**TASK INPUTS:**
▼

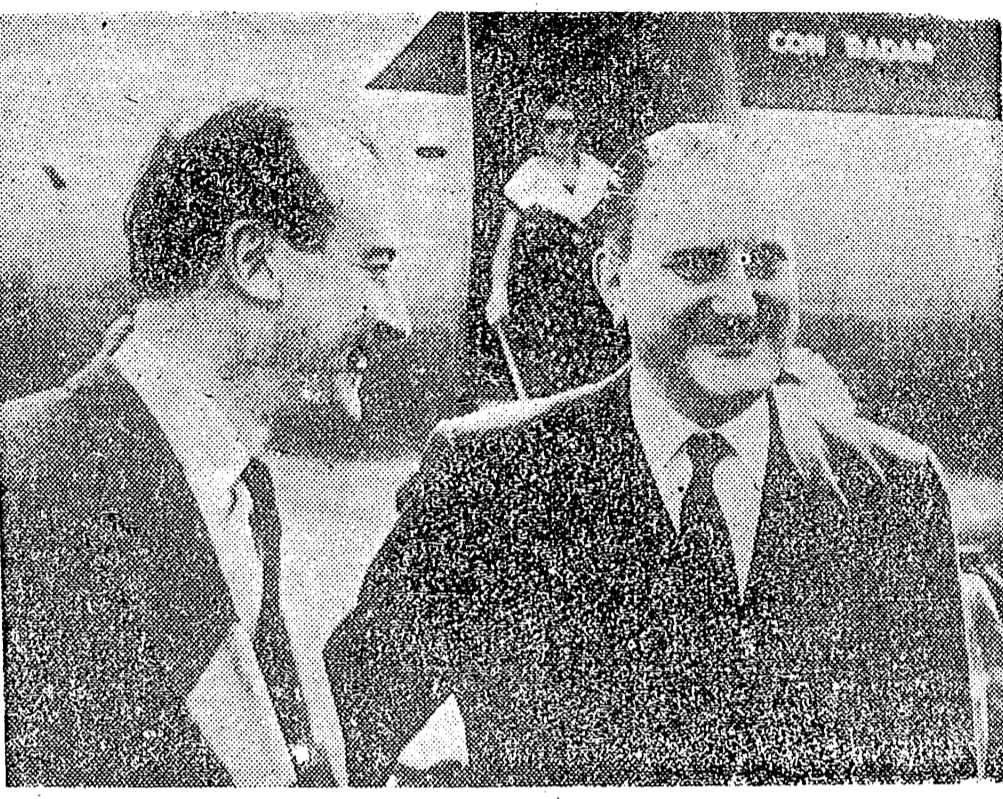
LONDRES.— El ministro español de Asuntos Exteriores, señor Castiella, a su llegada a Londres, para entrevistarse con el presidente Eisenhower.

El Ministro español le hizo entrega de un mensaje del Caudillo, al que el Presidente contestó inmediatamente
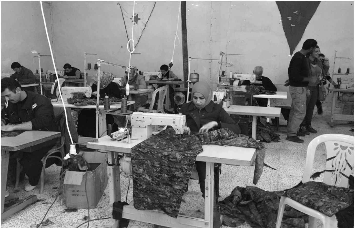
Eine Nähkooperative in Dêrik, Rojava.

organisieren Schulungen, damit alle Mitglieder der Kommune in der Kooperative arbeiten können, wenn sie dies wünschen. Auch hier unterstützen sie Kommunen, die Kooperativen gründen wollen, bei der Beschaffung von Produktionsmitteln, Ausrüstung, Wissen, Fähigkeiten, wirtschaftlichen Ressourcen usw. Sie übernehmen auch Aufgaben, wie zum Beispiel die Beantragung von kommunalem Land bei der Selbstverwaltung oder die Zusammenarbeit mit landwirtschaftlichen Einrichtungen, um Brennstoffe, Saatgut, Maschinen usw. zu bekommen. Die andere Aufgabe der Kooperativenzentren besteht darin, 5% der Einnahmen aller Kooperativen einzusammeln, die wie folgt verteilt werden: 2% der Beiträge gehen an Fonds der Kooperativen, weitere 2% gehen an die Kooperativenzentren und 1% an den Kooperativenverband. Mit diesem Beitrag unterstützen die Kooperativenzentren und der Kooperativenverband die Gründung neuer Kooperativen.
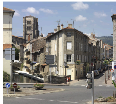
Vue de situation. IVR82_20064202567NUCA
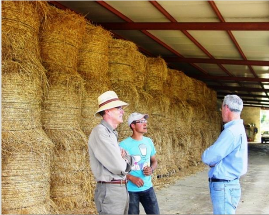
Pajar en la estabulación
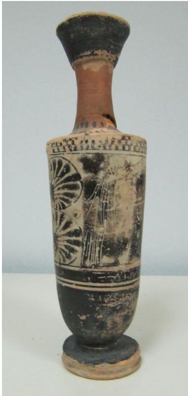
Εικόνα 98: Λήκυθος ΜΑΙΤ 9345, αρ. κατ. 28.
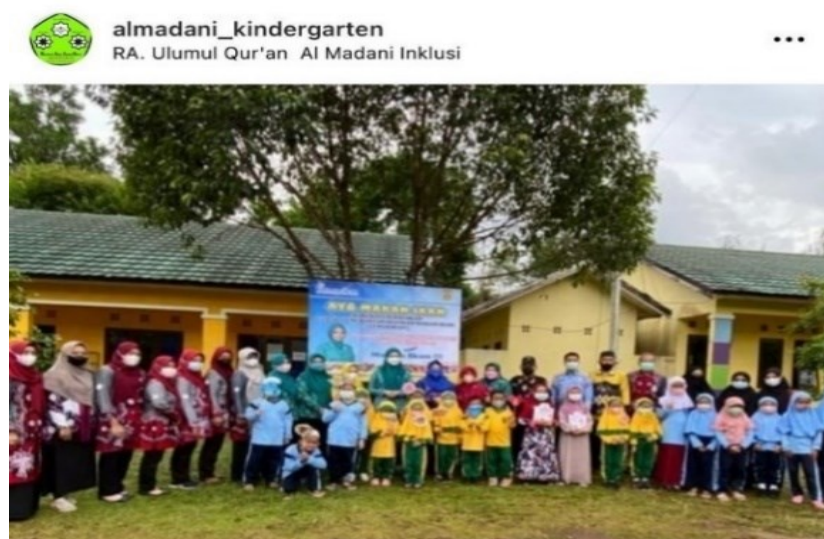
Gambar 4.6 Kegiatan Anak Bersama Ibu Wali Kota
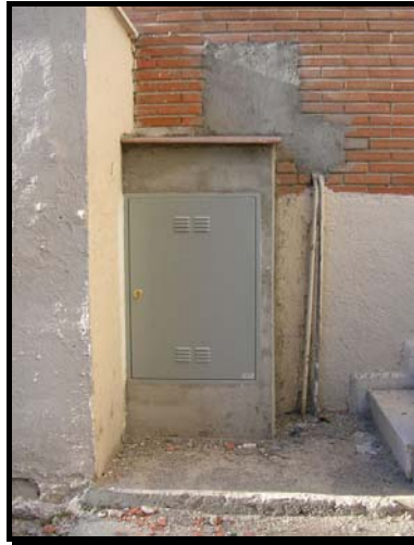
Caja General de Protección acabada

▲

**EXERCISE OBJECTIVE:** Using the records above, return word for word the lines that begin at the one containing "El Ministro español le" and end at the one containing "Eine Nähkooperative in Dêrik, Rojava.", both of them included and no pictures.

**EXERCISE RESULT:**
El Ministro español le hizo entrega de un mensaje del Caudillo, al que el Presidente contestó inmediatamente
Eine Nähkooperative in Dêrik, Rojava.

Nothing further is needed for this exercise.